24. The preparation method according to claim 13, characterized in that, The titanate includes tetrabutyl titanate.
25. The preparation method according to claim 1, characterized in that, Step (2) is carried out in an anhydrous and oxygen-free environment.
26. The preparation method according to claim 1, characterized in that, Before the heating reaction in step (2), the reactor is evacuated.
27. The preparation method according to claim 1, characterized in that, The reaction in step (2) is carried out at 130-140°C for 16-32 hours.
28. The preparation method according to claim 1, characterized in that, The reaction described in step (2) involves reacting at 120-150°C for 2-6 hours, and then raising the temperature to 130-160°C for 5-15 hours.

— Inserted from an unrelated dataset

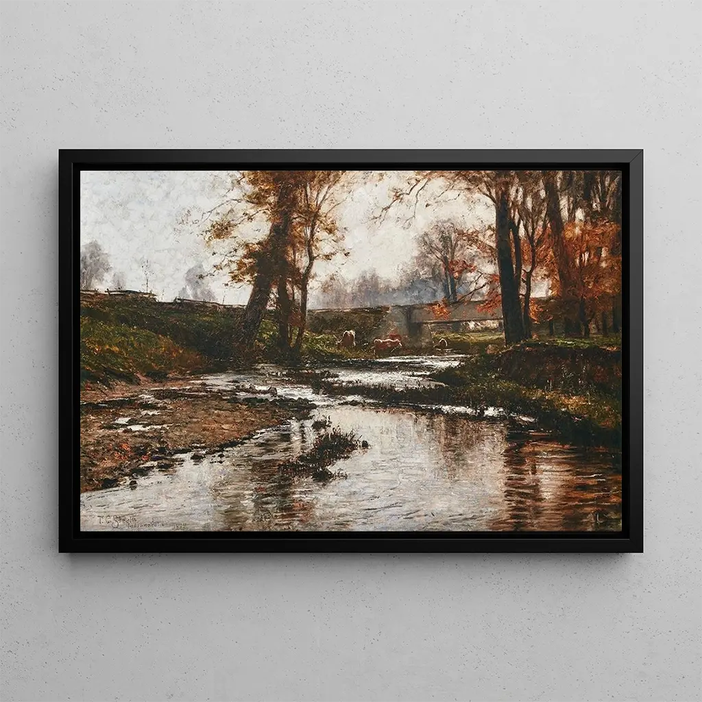 Ruisseau angenehmer : eine bucolische flucht im herzen der natur In "Ruisseau agréable" entführt uns Theodore Clement Steele in eine ruhige landschaft, in der die natur mit strahlkraft zum ausdruck kommt. Die lebendigen farben und die zarten nuancen von grün und blau verschmelzen harmonisch und wecken die frische eines frühlingsmorgens. Die impressionistische technik von Steele, mit ihren flüssigen pincelstrichen, schafft eine atmosphäre der ruhe und lädt den betrachter ein, in dieses gemälde einzutauchen. Das licht spielt eine wesentliche rolle, indem es den bach und die umgebenden blätter beleuchtet, während die bewegung des wassers eine beruhigende dynamik in das gesamtbild bringt. Theodore Clement Steele : ein meister des amerikanischen impressionismus Theodore Clement Steele, eine ikonische figur des amerikanischen impressionismus, hat die schönheit der landschaften von indiana und darüber hinaus eingefangen. Geboren 1847, wurde er von den großen europäischen meistern beeinflusst, entwickelte aber einen einzigartigen stil, der seine liebe zur natur widerspiegelt. Steele war ein aktives mitglied der kunstgruppe von indiana und trug zur entstehung einer regionalen künstlerischen identität bei. Sein werk, geprägt von einer lebendigen palette und einer empfindlichkeit für das licht, spielte eine entscheidende rolle in der entwicklung der amerikanischen landschaftskunst im anbruch des 20. jahrhunderts. Eine dekorative anschaffung mit vielfältigen vorteilen Der kunstdruck von "Ruisseau agréable" ist ein ideales dekoratives stück für jeden raum, sei es ein wohnzimmer, ein büro oder ein schlafzimmer. Seine druckqualität garantiert eine treue wiedergabe der farben und details des originalwerks und bringt einen touch von natur und ruhe in ihr zuhause. Dieses gemälde lädt zur betrachtung ein, schafft eine beruhigende und inspirierende atmosphäre. Mit seinem unbestreitbaren ästhetischen reiz fügt es sich nahtlos in verschiedene einrichtungsstile ein, vom klassischen bis zum zeitgenössischen, und bereichert so ihre wohnumgebung.

29. The preparation method according to claim 1, characterized in that, Step (2) also includes adding an aprotic solvent to the reactor to dissolve the harvested gluconic acid lactone-modified polylactide, then precipitating, washing and drying the polymer with a polar solvent.
30. The preparation method according to claim 1, characterized in that, The melt extrusion described in step (3) is carried out under inert gas protection, and the outlet of the melt extrusion is protected with nitrogen or dry ice to prevent the polylactide composite reinforced with basic magnesium sulfate whiskers from being oxidized by air or absorbing water.
31. The use of a basic magnesium sulfate whisker-reinforced polylactide composite prepared by any one of claims 1-30 in the preparation of medical products.
32. The application according to claim 31, characterized in that, The medical product is used for soft tissue repair.